Long Beard Brewing Company founders Craig Waltz, left and Paul Karlin, with builder Bob Castaldi outside Riverhead Town Hall July 6, after meeting with the town's Industrial Development Agency board. Photo: Denise Civiletti

The owner of the Second Street firehouse and his first tenants made a pitch to the Riverhead Industrial Development Agency yesterday for property tax abatements and sales tax exemptions.

Bob Castaldi, who purchased the former firehouse from the town earlier this year, and Long Beard Brewing Company founders Paul Carlin and Craig Waltz, laid out plans for the two-story brick structure, where Long Beard plans to open a brewery and 900-square-foot tasting room early next year.

The brewery, Riverhead’s fourth, will occupy about 4,000 square feet on the first floor of the old firehouse, which is about to undergo a complete “historically correct” restoration, Castaldi told IDA board members during yesterday’s meeting.

Castaldi, who renovated, restored and reopened the long-vacant Suffolk Theater on East Main Street, said he is working with other prospective tenants for the remainder of the space. He said he’s been speaking with the Long Island Wine Council and the Long Island Farm Bureau about how the unique space could be utilized as an agricultural tourism center, he said. Riverhead Town last year obtained two N.Y. state economic development grants totaling $700,000 that could be used to fund 20-percent of renovation costs associated with developing such a center.

The Cutchogue builder told the IDA the brewery will bring a lot of visitors to the blocks north of East Main Street, where the mixed housing stock includes both stately old homes — some dating back to the 1800s — and run-down rental housing in obvious need of repair. Some of the blocks around Second Street have in recent years been the scene of gang crimes, muggings, drug busts and even a drive-by shooting.

“This project will light up that whole area,” Castaldi said. “We’re right on the edge of the best neighborhood in the whole world,” he said. The firehouse, he said, will bring in tourism, jobs and investment to turn around an area that needs it badly.

“It’s exciting to be coming here at the beginning of something like that,” Long Beard partner Carlin said of the revitalization effort.

“We’re a fledgling business, just starting out. Any help you can give us will make this work,” he said. Carlin and Waltz  started their brewing company in 2012. The Second Street location would be the first brewing facility they build and own themselves. They have investors who are helping them finance the cost of renovation and equipment, Carlin said.

Builder Bob Castaldi has already begun exterior renovations on the circa-1935 brick firehouse on Second Street, including refurbishing the cupola on its roof. Photo: Denise Civiletti
The circa-1935 brick firehouse on Second Street now sports a newly refurbished cupola on its roof, the first part of exterior renovations completed by builder Bob Castaldi, who bought the building from the town earlier this year. Photo: Denise Civiletti

The tenants would directly benefit from property tax abatements, Castaldi said. Under the “net-net” terms of standard commercial leases, tenants pay a pro-rated share of property taxes and other costs, he said.

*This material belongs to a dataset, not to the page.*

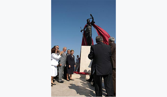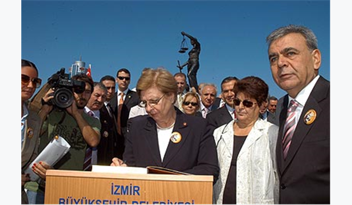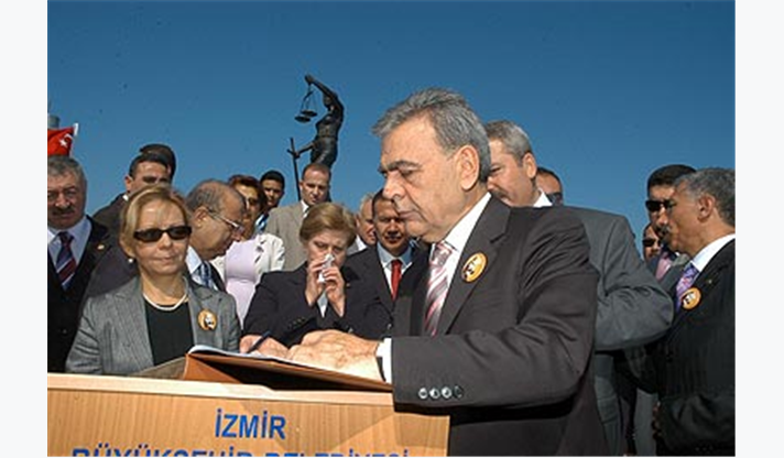 Törende konuşan İzmir Büyükşehir Belediye Başkanı Aziz Kocaoğlu, ülkemizde ve dünyada nefretle kınanan bu saldırının, sadece Danıştay’ı değil, tüm yargı ve adaleti, adalet temelinde yükselen devleti, insanımızı ve çağdaşlığı hedef aldığını belirterek, “Bu anıt, Türk yargısının cumhuriyet kazanımlarını korumak ve ileriye götürmek yolundaki, sarsılmaz iradesine olan inancımızın bir ifadesi olarak dikilmiştir” dedi. Başkan Kocaoğlu şöyle devam etti: “Bu anıtın İzmir’e dikilmesi, elbette bir tesadüf değildir. İzmir halkı, Danıştay’a yapılan saldırıya, hiç bir siyasi görüş farkı gözetmeksizin, büyük tepki göstermiştir. İzmir, çağdaş ve laik Türkiye’nin karşılığını, tam anlamıyla bulduğu bir kenttir. İzmir, yüce önder Mustafa Kemal Atatürk’ün kurduğu cumhuriyetin değerlerini, net olarak ortaya koyan bir fotoğraftır. İzmirliler, aydınlık yüzlü, çağdaş ve duyarlı insanlardır. İşte bu anıt da, İzmir halkının ortak duyarlılığının bir simgesi olacaktır. İzmir, halkı ile, siyasi parti temsilcileri ve bütün sivil toplum örgütleri ile, Türk Yargısı’nın yanındadır. Bütün Türkiye Cumhuriyeti vatandaşlarının da böyle düşündüğünü, çok iyi biliyoruz”

Exemption from New York State sales tax would assist the brewing company in its purchase of equipment for the facility, including brewing tanks and fermenters that will cost $150,000 to $200,000, Carlin said.

The firehouse site, which was acquired by the Riverhead Fire District in the mid-1930s, has been tax-exempt since that time, Castaldi noted. If the IDA grants its standard benefits package, improvements to the site which increase its current assessed valuation would receive a 50-percent property tax abatement. The abatement is reduced by 5 percent per year for 10 years.

The IDA board voted yesterday to schedule an Aug. 3 public hearing on the application, which as of yesterday was not fully completed, IDA executive director Tracy Stark-James said. She said there was still some information needed from the builder, but it would be finished up in time for moving forward with a public hearing.

Editor’s note: This article has been amended to correct the spelling of brewery cofounder Paul Carlin’s surname.